If they had a self-serve process, or some sort of shink-wrapped deal up to say 500k users, that would be great. But bespoke contracts are rarely cheap or easy to get. This comes from my experience building a bunch of custom infra for Flux1-dev, only to find I wasn’t big enough for a custom agreement, because, duh, the service doesn’t exist yet. Mistral is not BFL, but sales teams don’t like speculating on usage numbers for a product that hasn’t been released yet. Which is a bummer considering most innovation happens at a small scale initially.

replies(1): >>41866847 #

10. DreamGen ◴[16 Oct 24 20:12 UTC] No.41863345[source]▶

>>41860918 (TP) #

From what I have heard, getting license from them is also far from guaranteed. They are selective about who they want to do business with -- understandable, but something to keep in mind.

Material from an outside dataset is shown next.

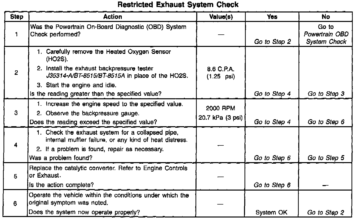 System Check - Restricted Exhaust
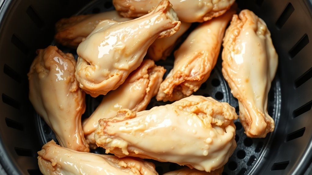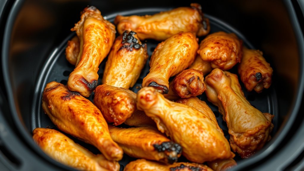 Did you know that certain foods can cause smoking or damage your air fryer? You should avoid food incompatibilities like greasy bacon or wet batter, which can create messes or harm the appliance. Instead, consider ingredient substitutions such as using cornstarch instead of flour for crispy coatings. Stay mindful of these tips to make certain of safe, efficient cooking, and enjoy your air frying experience without unnecessary mishaps.

11. moralestapia ◴[17 Oct 24 01:32 UTC] No.41865597[source]▶

>>41860918 (TP) #

Lol, the whole point of Edge models is to be able to run them locally.

12. csomar ◴[17 Oct 24 04:42 UTC] No.41866472[source]▶

>>41860918 (TP) #

Thanks, I was confused for a bit. The 3b comparison with llma3.2 is useless. If I can't run it on my laptop, it's no longer comparable to open models.

13. dest ◴[17 Oct 24 05:02 UTC] No.41866561[source]▶

>>41862802 #

There are ways to watermark the output, by slightly altering the choice of tokens in a recognizable pattern.

replies(1): >>41866657 #

14. wg0 ◴[17 Oct 24 05:24 UTC] No.41866657{3}[source]▶

>>41866561 #

Within the model? Like as part of training afterwards some fine tuning?

15. littlestymaar ◴[17 Oct 24 06:05 UTC] No.41866847{4}[source]▶

>>41863187 #

I'm not defending Mistral here, I don't think it's a good idea I just wanted to to not out that there is no paradox as if the 3b model was API-only.